━━ DATA EXTRACTS ━━

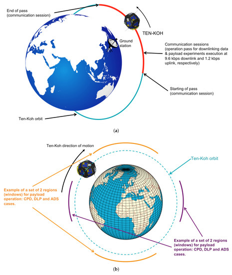 For all experiments and mission objectives, the concept of operations is shown in Figure 7. There is one main ground station (MGS) located at Kyutech, from where all missions are planned and executed, and housekeeping and payload data are downlinked. The mission was defined to start operations in a period of 2–3 weeks after the launch by following the next sequence of events:
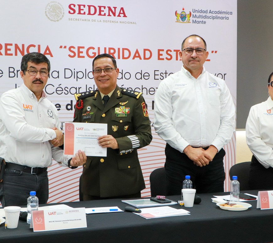 La Universidad Autónoma de Tamaulipas (UAT) organizó una conferencia sobre las funciones y el desempeño de la Secretaría de la Defensa Nacional (SEDENA), en el marco de la Reunión de Seguridad que se realizó en la Unidad Académica Multidisciplinaria Mante. El rector de la UAT, MVZ Dámaso Leonardo Anaya Alvarado, dio la bienvenida al general de brigada diplomado de Estado Mayor Julio César Islas Sánchez, … Continúa leyendo Imparten en la UAT conferencia sobre seguridad y protección ciudadana
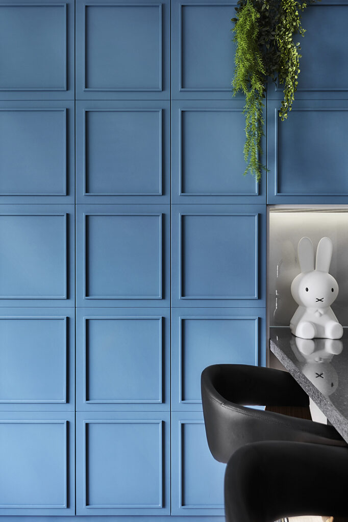 What began as a modest, storage-starved apartment has been reimagined with the confidence and polish of a Manhattan loft. Drawing from the city’s old-world glamour, Lawrence layered the home in rich materials, bold tones and sculptural geometry. The most striking visual statement is the series of aquamarine “chocolate bar” feature walls – a playful nickname for the moulded panels that stretch across the living and dining zones, concealing storage behind them.
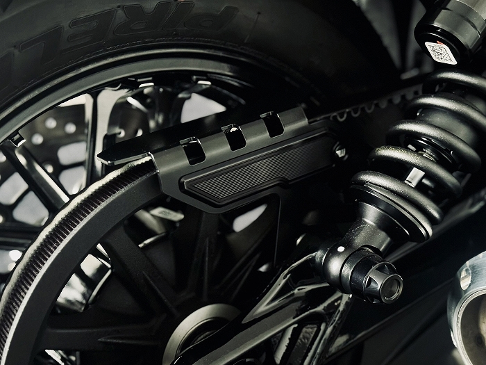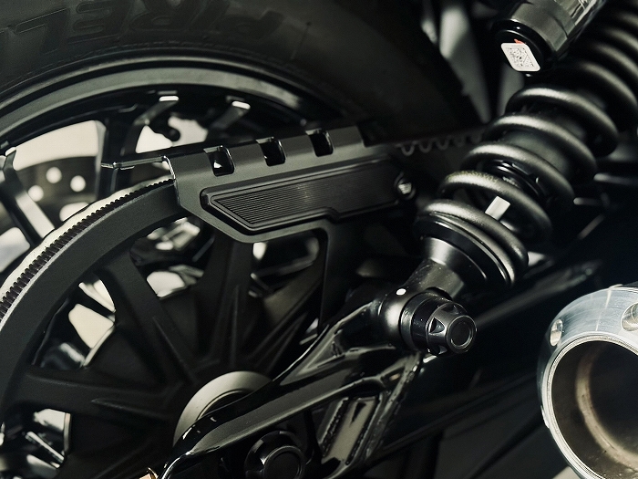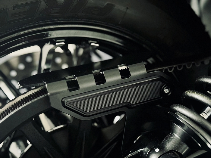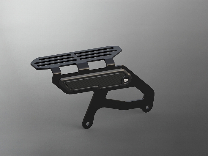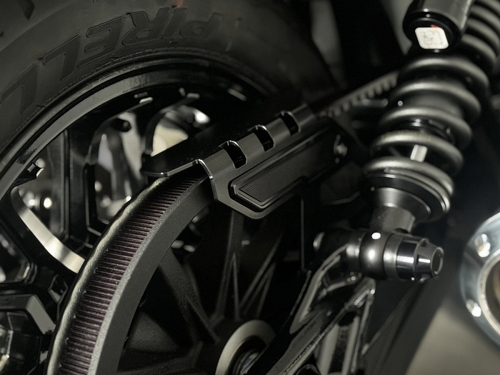 | ◆製品の特徴 ● 純正と同じ場所に取り付け可能です。 ● ベルトガードはステンレス製のブラックサテン仕上げです。 ● サイドにはCNC削り出しのクールなカバーが装着されています。 |
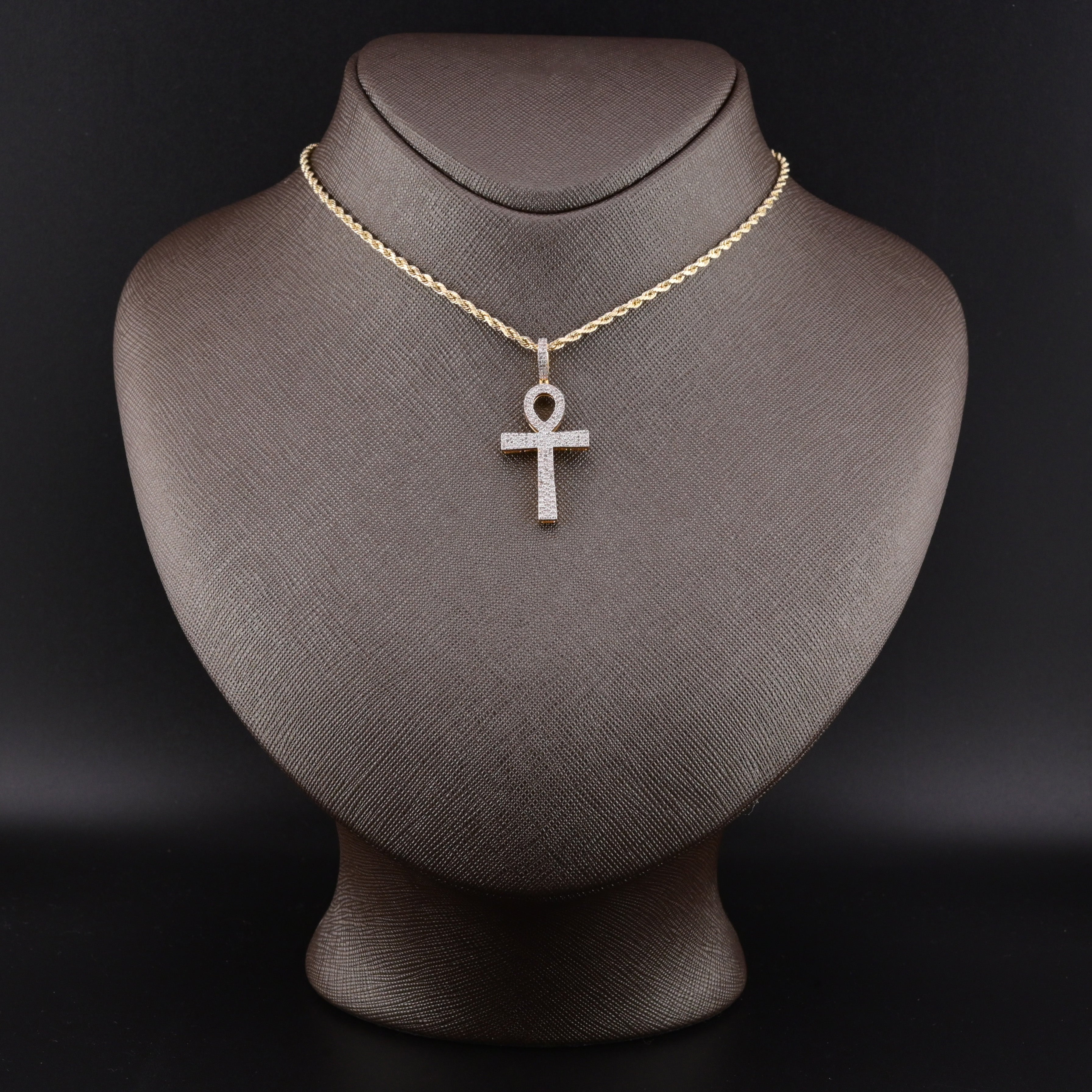 This exquisite ankh cross pendant combines timeless spiritual symbolism with refined elegance. Crafted in 10k yellow gold and adorned with 0.6 carats of natural round diamonds, this piece radiates understated luxury. Weighing just 2.6 grams, it strikes the perfect balance between presence and wearability, making it an ideal charm for layering or standalone wear. The natural diamonds catch light beautifully, adding brilliance to this meaningful design. A sophisticated choice for those seeking jewelry that honors both aesthetic beauty and deeper significance.
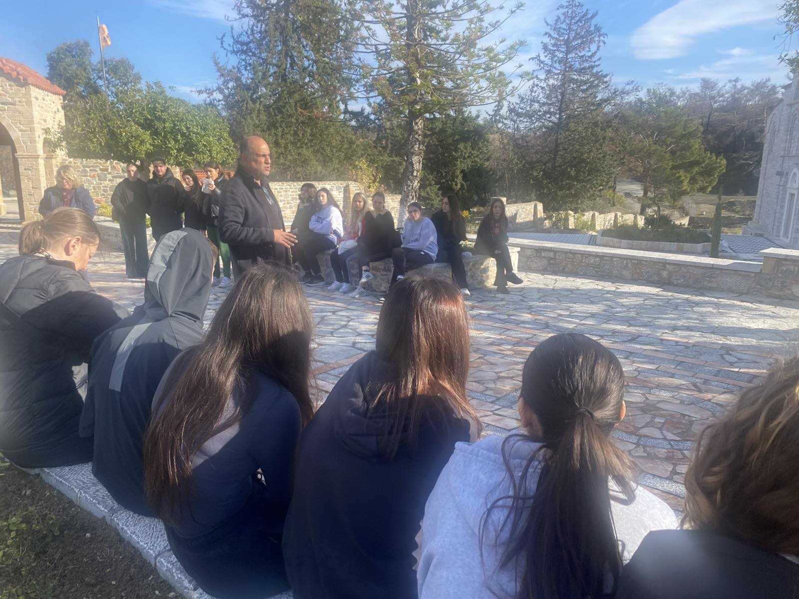 Οι μαθητές και οι μαθήτριες του σχολείου ενημερώθηκαν από την ηγουμένη για τις συνθήκες κάτω από τις οποίες διεσώθη το μοναστήρι κατά τη διάρκεια της καταστροφικής φωτιάς του καλοκαιριού του 2023.
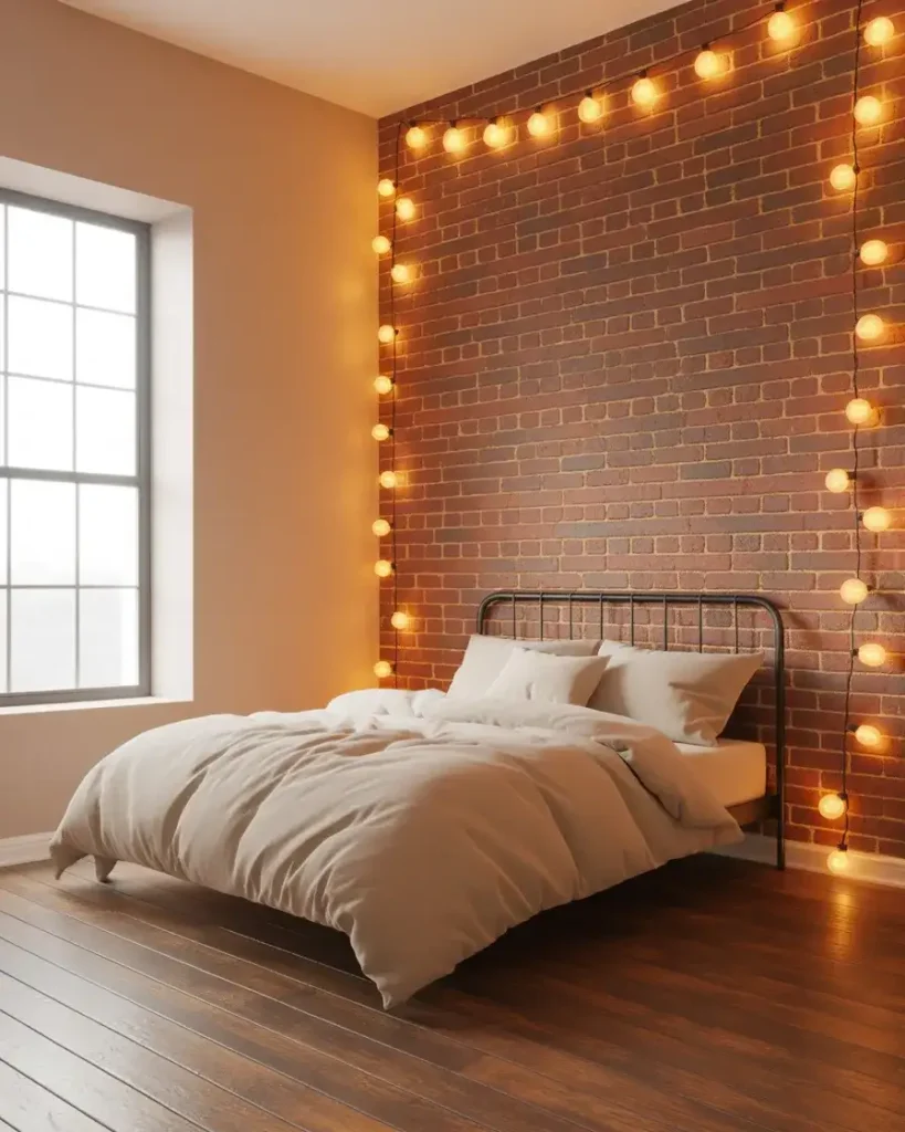 There’s something undeniably romantic about an exposed brick wall—and pairing it with warm ivory paint on the remaining three walls creates one of the most effortlessly appealing bedroom aesthetics in the urban American decorating playbook. The contrast between the rough, variegated brick and smooth, creamy painted walls creates a textural dialogue that makes the whole room feel alive. This is a wall ideas approach that works especially well in converted industrial spaces, older urban buildings, or any home where the architecture has something interesting to say.

━━━

→ TASK TO COMPLETE
Pictures in the records above should not be copied. Repeat everything else exactly.

→ WRITTEN RESPONSE
 For all experiments and mission objectives, the concept of operations is shown in Figure 7. There is one main ground station (MGS) located at Kyutech, from where all missions are planned and executed, and housekeeping and payload data are downlinked. The mission was defined to start operations in a period of 2–3 weeks after the launch by following the next sequence of events:
 La Universidad Autónoma de Tamaulipas (UAT) organizó una conferencia sobre las funciones y el desempeño de la Secretaría de la Defensa Nacional (SEDENA), en el marco de la Reunión de Seguridad que se realizó en la Unidad Académica Multidisciplinaria Mante. El rector de la UAT, MVZ Dámaso Leonardo Anaya Alvarado, dio la bienvenida al general de brigada diplomado de Estado Mayor Julio César Islas Sánchez, … Continúa leyendo Imparten en la UAT conferencia sobre seguridad y protección ciudadana
 What began as a modest, storage-starved apartment has been reimagined with the confidence and polish of a Manhattan loft. Drawing from the city’s old-world glamour, Lawrence layered the home in rich materials, bold tones and sculptural geometry. The most striking visual statement is the series of aquamarine “chocolate bar” feature walls – a playful nickname for the moulded panels that stretch across the living and dining zones, concealing storage behind them.
 | ◆製品の特徴 ● 純正と同じ場所に取り付け可能です。 ● ベルトガードはステンレス製のブラックサテン仕上げです。 ● サイドにはCNC削り出しのクールなカバーが装着されています。 |
 This exquisite ankh cross pendant combines timeless spiritual symbolism with refined elegance. Crafted in 10k yellow gold and adorned with 0.6 carats of natural round diamonds, this piece radiates understated luxury. Weighing just 2.6 grams, it strikes the perfect balance between presence and wearability, making it an ideal charm for layering or standalone wear. The natural diamonds catch light beautifully, adding brilliance to this meaningful design. A sophisticated choice for those seeking jewelry that honors both aesthetic beauty and deeper significance.
 Οι μαθητές και οι μαθήτριες του σχολείου ενημερώθηκαν από την ηγουμένη για τις συνθήκες κάτω από τις οποίες διεσώθη το μοναστήρι κατά τη διάρκεια της καταστροφικής φωτιάς του καλοκαιριού του 2023.
 There’s something undeniably romantic about an exposed brick wall—and pairing it with warm ivory paint on the remaining three walls creates one of the most effortlessly appealing bedroom aesthetics in the urban American decorating playbook. The contrast between the rough, variegated brick and smooth, creamy painted walls creates a textural dialogue that makes the whole room feel alive. This is a wall ideas approach that works especially well in converted industrial spaces, older urban buildings, or any home where the architecture has something interesting to say.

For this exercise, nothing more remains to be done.